▶ **Work required**: Output the listing exactly as written, apart from its pictures.

▶ **Dataset section**:

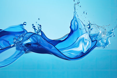 This stunning image captures the dynamic motion of a blue water splash, showcasing droplets and waves against a clean background, evoking freshness and beauty.
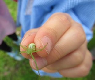 お腹がぷっくりしたクモ!!幼稚園でしらべてみよっと。
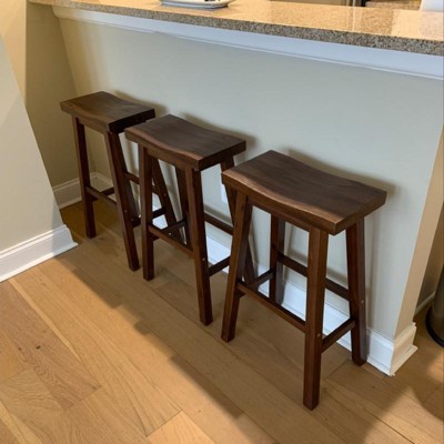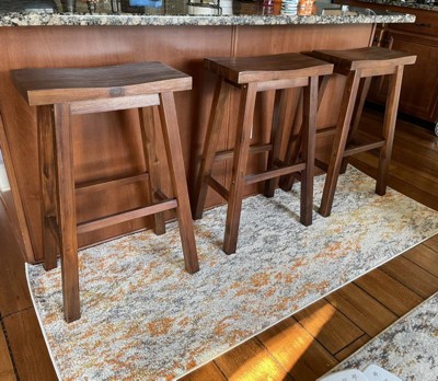 Great sturdy good looking stools, if you get a perfect one. I ordered two, one had a very noticeable chipped gouge along the seat edge, and a small visible screw hole in the wood; the second stool wobbled with uneven legs and you could not switch/alternate legs due to the assembly. Very good deal, but definitely make sure you get a perfect stool.
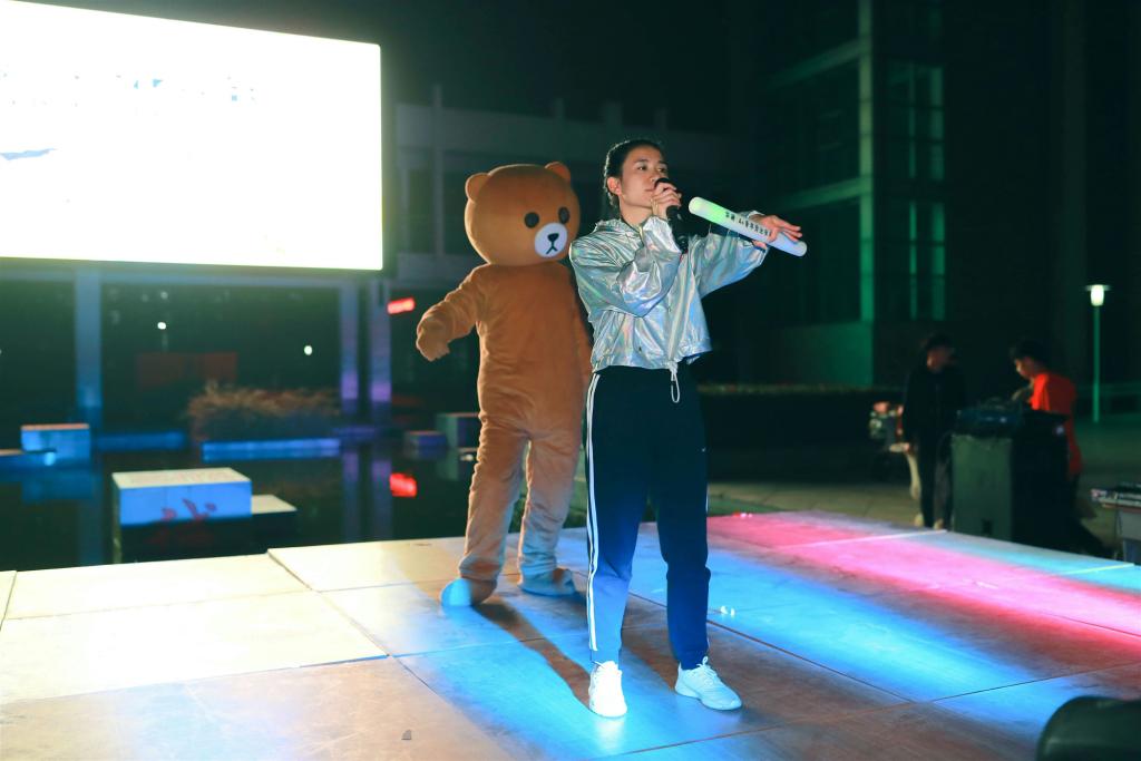 动感十足的街舞表演拉开了夜跑活动的序幕。校党委副书记胡其云致辞。他希望通过夜跑活动能激励广大同学们多参加体育活动锻炼,强健体魄,突显当代大学生积极向上的精神风貌,同时也增进同学友谊,彰显青春激情。在基础教育学院体育教师杨丽娟的带领下,所有同学进行热身运动,调整好身体状态,头戴荧光牛角,手持荧光棒,围绕校园主干道跑起来。同学们挥舞着旗帜,律动的身影,闪闪发光的荧光道具,成为校园里一道靓丽的风景线。

▶ **Answer to the problem**:
 This stunning image captures the dynamic motion of a blue water splash, showcasing droplets and waves against a clean background, evoking freshness and beauty.
 お腹がぷっくりしたクモ!!幼稚園でしらべてみよっと。
 Great sturdy good looking stools, if you get a perfect one. I ordered two, one had a very noticeable chipped gouge along the seat edge, and a small visible screw hole in the wood; the second stool wobbled with uneven legs and you could not switch/alternate legs due to the assembly. Very good deal, but definitely make sure you get a perfect stool.
 动感十足的街舞表演拉开了夜跑活动的序幕。校党委副书记胡其云致辞。他希望通过夜跑活动能激励广大同学们多参加体育活动锻炼,强健体魄,突显当代大学生积极向上的精神风貌,同时也增进同学友谊,彰显青春激情。在基础教育学院体育教师杨丽娟的带领下,所有同学进行热身运动,调整好身体状态,头戴荧光牛角,手持荧光棒,围绕校园主干道跑起来。同学们挥舞着旗帜,律动的身影,闪闪发光的荧光道具,成为校园里一道靓丽的风景线。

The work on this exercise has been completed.